The book is actually only half about Etta Lemon, a woman who felt passionately that feathers/whole birds shouldn't be used to decorate hats and who was central to the founding of the RSPB. She took on the trend for 'murderous millinery' and made it her life's work - and good on her! A high School Beauty, Kim Hae, is found dead….sitting in a passenger seat of Shin Jeongjun’s car….. Maybe I should have known. After all, the title says "an optimist in Andalucia." That optimism definitely permeated the book. The problem was it wasn't just over Stewart. You could feel it over every moment and every character. It watered it down and even though he was writing about an area of the world near and dear to my heart, I found myself just not caring.

Discover 76 amazing natural 'cure alls' for everyday problems

Emmeline Pankhurst’s nemesis and the namesake of this book is the conservative, anti-Suffrage advocate Etta Lemon - a tireless and fervent campaigner for the protection of birds. Her crusade lasted for her entire life, beginning as part of the Society for the a protection of Birds (SPB). While Etta did not falter in her aim she did not physically suffer for her cause in the way the Pankhurst women did, via imprisonment and hunger strikes, through to forced feeding which impacted upon their health. Etta seems to be sustained through evangelical zeal and righteousness both in her life and throughout the lifelong fight on behalf of her beautiful birds. Shifting between the perspectives of Da-on and two of Hae-on's classmates, Lemon ostensibly takes the shape of a crime novel.

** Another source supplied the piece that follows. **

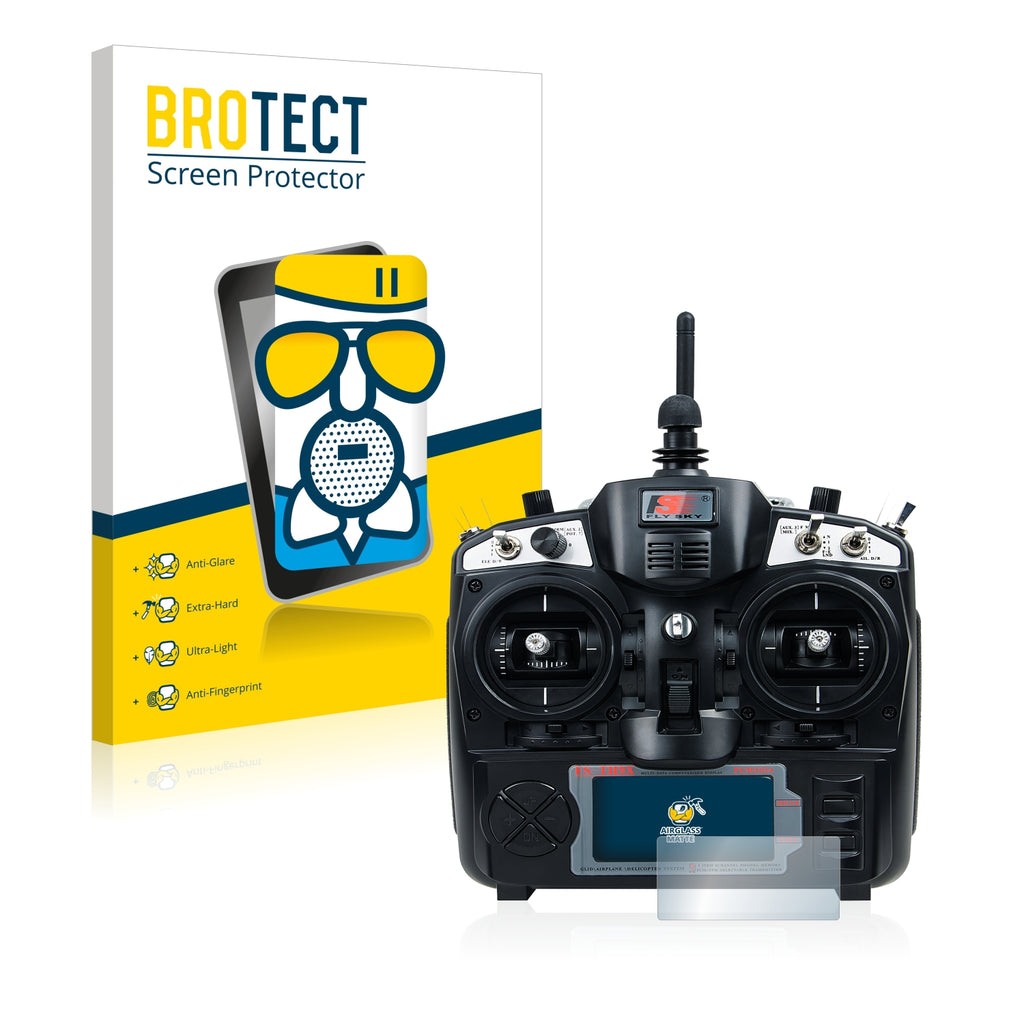 Matte Finish, Anti-Glare Screen Protector. Thin, light and super-strong, this anti-glare screen protector is the ultimate companion for your device. Its Ultra-Light properties and High-Transparency ensure you have a clear, unobstructed and sharp view of the display, while maintaining touch-screen and multi-touch sensitivity. The surface of the glass screen protector is matte and therefore reduces annoying reflections on your display, while providing a unique touch-screen sensitivity. An additional Anti-Fingerprint layer helps prevent dirt and fingerprint smears. The adhesive layer ensures that the screen protector glides smoothly and effortlessly onto your FlySky FS-TH9X for a bubble-free, easy installation. Please note: Because of the curved edges of some displays, some of our protectors are cut deliberately slightly smaller than the display.Ships With:
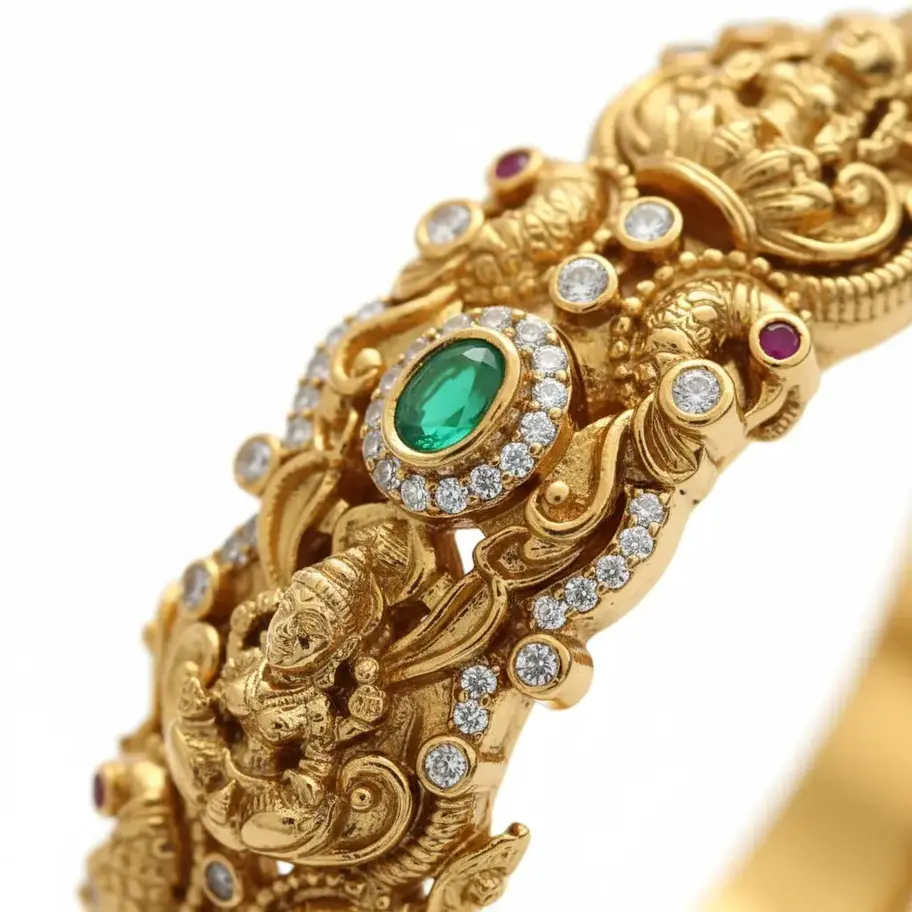 A single, heavy Temple Kada is the ultimate high-fashion choice for modern ethnic styling. It allows the intricate deity motifs to be the undisputed star of your outfit.

But identifying the perpetrator is not the main objective here: Kwon Yeo-sun uses this well-worn form to craft a searing, timely exploration of privilege, jealousy, trauma, and how we live with the wrongs we have endured and inflicted in turn.

Asda Great Deal

Free UK shipping. 15 day free returns.
Community Updates
*So you can easily identify outgoing links on our site, we've marked them with an "*" symbol. Links on our site are monetised, but this never affects which deals get posted. Find more info in our FAQs and About Us page.